Bi-Cultural Welcomes New Israeli Emissaries

Posted on: August 26th, 2016 by admin
Racheli Weinberger, Hila Weinberg and Hadar Cohen are Israeli emissaries who will be working with Bi-Cultural and the Stamford community for the current academic year. (Photo by Dora Salm)

Racheli Weinberger, Hila Weinberg and Hadar Cohen are Israeli emissaries who will be working with Bi-Cultural and the Stamford community for the current academic year. (Photo by Dora Salm)

Back to school is an exciting time of year for parents, teachers and students. At Bi-Cultural Day School, back to school takes on an additional dimension as the school welcomes the newly-placed banot sherut (translated as girls who serve). Known throughout the school as “bat ami” or “banot,” these young Israeli women serve in the school as cultural and educational emissaries for a one-year period. Though they are far from their own homes, these young ambassadors quickly become enmeshed in the daily rhythms of Bi-Cultural, leaving an indelible mark on the school and community.

Bi-Cultural typically arranges for two young women to serve in this role each year, however, this year the school is welcoming three women as Israeli emissaries. All three have already served one year of national service in the Israel Defense Forces (IDF) and have opted to complete their second year of service volunteering in a school. Part teacher, mentor, colleague and “big sister,” the bat ami help with every aspect of school life; tutoring students in Hebrew language, chaperoning field trips, hosting class Shabbat meals, teaching Israeli culture and planning and organizing much of the school’s holiday curriculum planning. In addition, the bat ami accompany the 8th graders on their annual, month-long Israel Experience trip, sharing their ruach (spirit) and love of Israel along the way.

This year, Bi-Cultural welcomes Hadar Cohen, Hila Weinberg and Racheli Weinberger.

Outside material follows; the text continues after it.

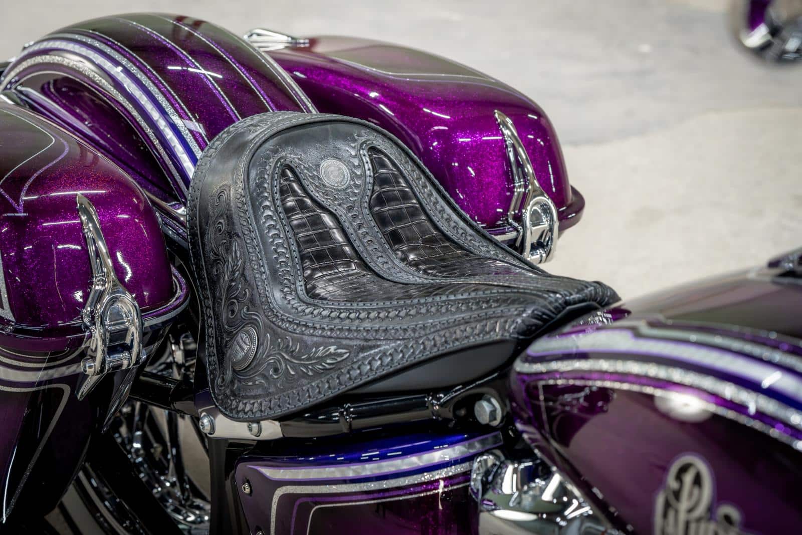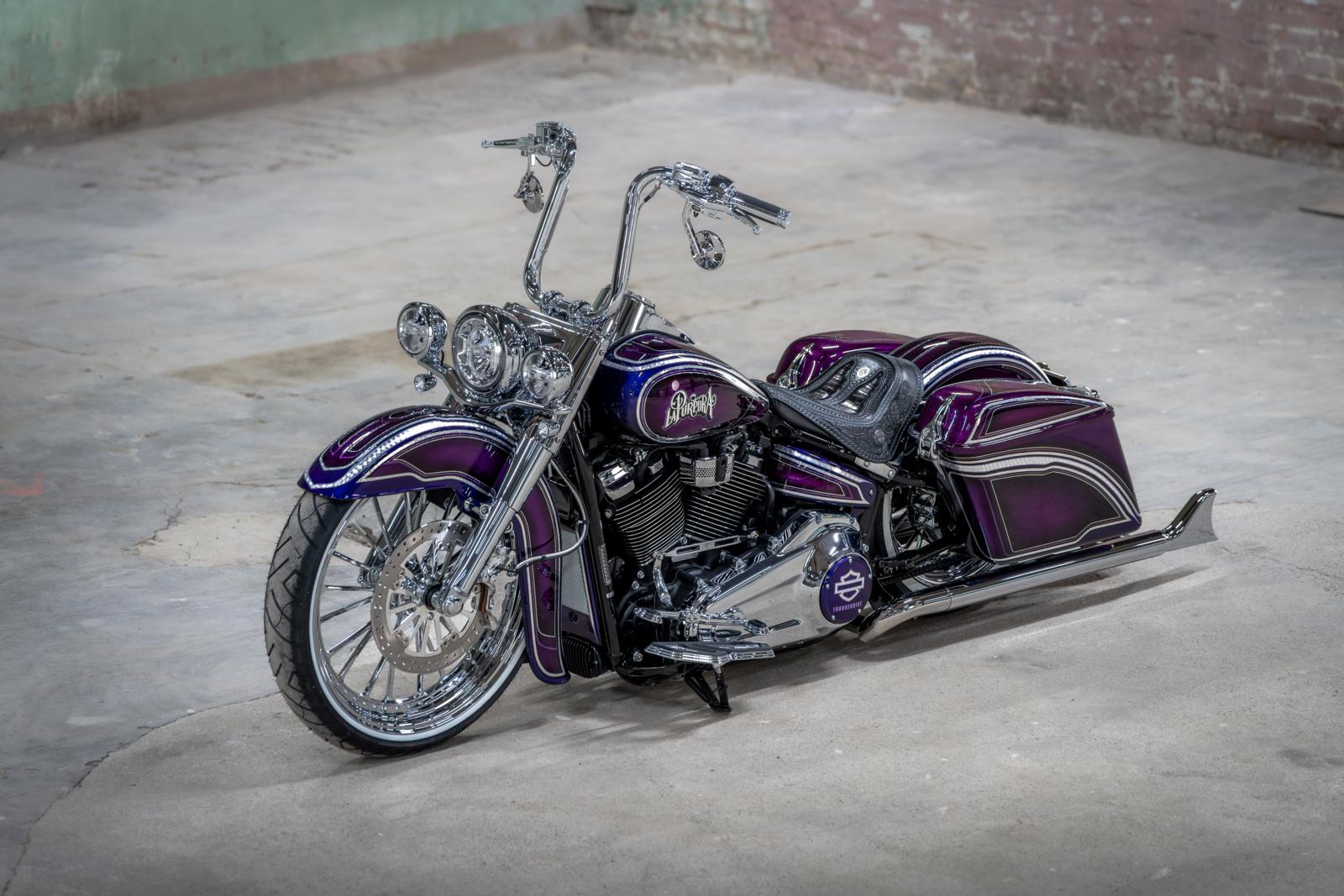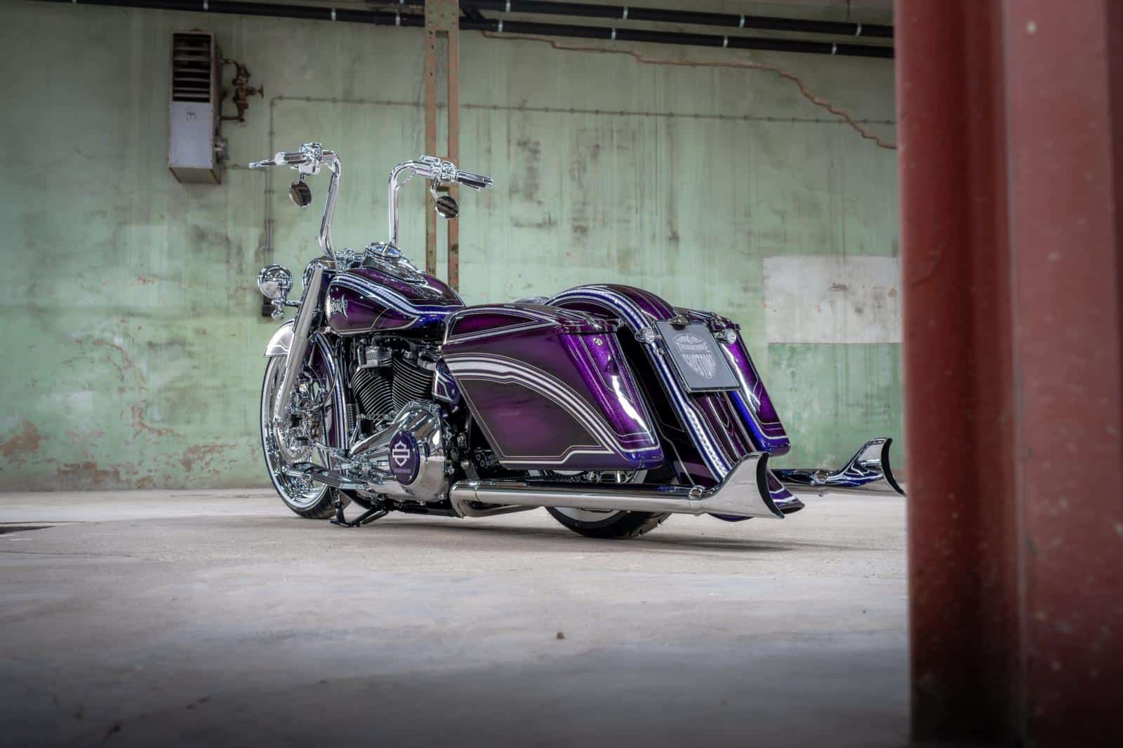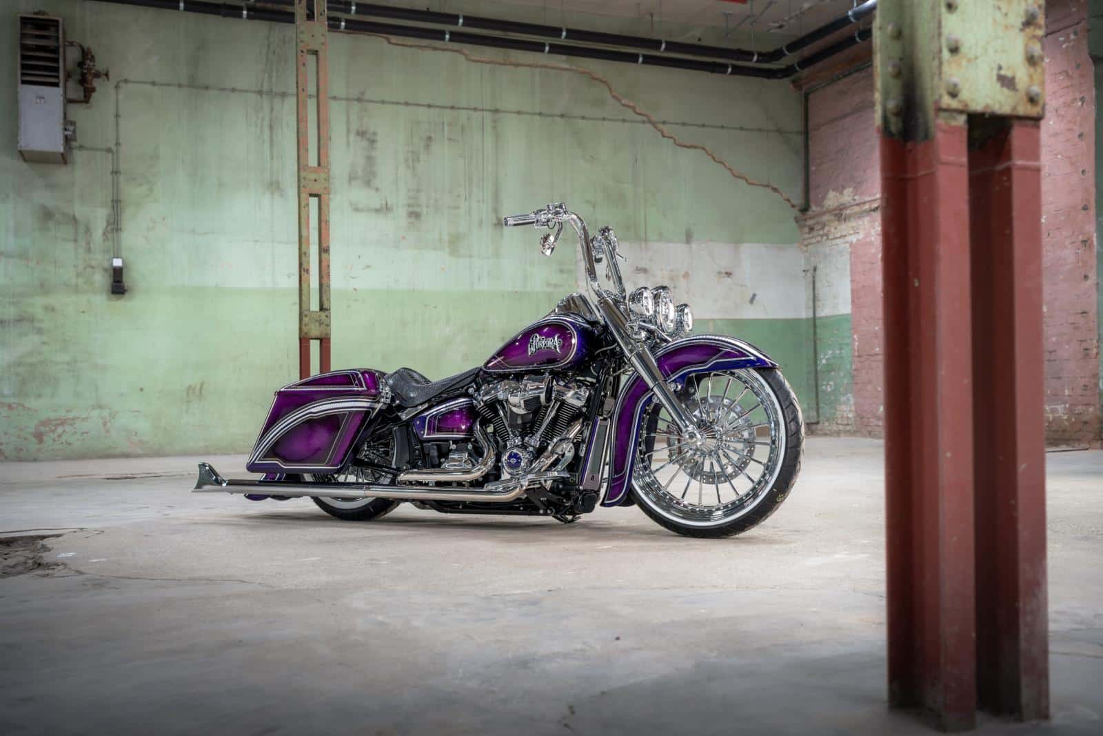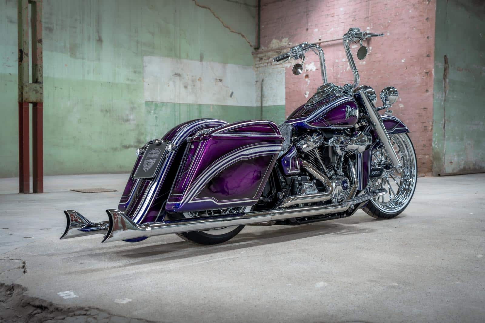 De custombouwers van het Duitse Thunderbike genieten inmiddels een ijzersterke reputatie als het gaat om Chicano’s. Toch leggen ze elke keer de lat voor zichzelf een stukje hoger en dat betekent ook voor deze nieuwe creatie een Chicano zoals ze nog nooit eerder gebouwd hebben; met chromen wielen, extra koplampen, koffers en een ongebruikelijke kleur waarnaar de naam van de bike verwijst: La Purpura!

Cohen, 18, is from Giv’at Shmuel, a city in the Center District of Israel. Cohen, who has an older brother serving as a commander in the IDF and two younger sisters, has worked as a tutor for elementary-aged children. She is excited to help educate the Stamford about modern life in Israel.

Like Cohen, Hila Weinberg, 19, is also from the city of Giv’at Shmuel. She has tutored high schoolers and enjoys art, painting and other creative expressions. The youngest of three, Weinberg, decided that she wanted to travel to the United States for this year-long program because she wanted to meet other members of the Jewish population outside of Israel. “It’s important to meet other Jewish people and to get to know them, to connect with them and educate them about Israeli life. We want people to know and understand Israel and maintain that connection long after we leave.”

Racheli Weinberger, 19 and the oldest of four, is from Jerusalem and met her two other counterparts last year at a youth group meeting. She has also worked as a tutor with elementary-aged children and is “looking forward to making friends with all the children in the school and meeting all the families in the community.” There is so much to learn and to get used it, but we can’t wait to teach people about life in Israel.”

Associate Principal Rabbi Yehuda Jeiger, who oversees the Israeli emissary program, stressed the importance of the banot presence in the overall school culture. “They have an unstoppable energy that permeates the whole school and makes the Jewish studies program that much more meaningful.”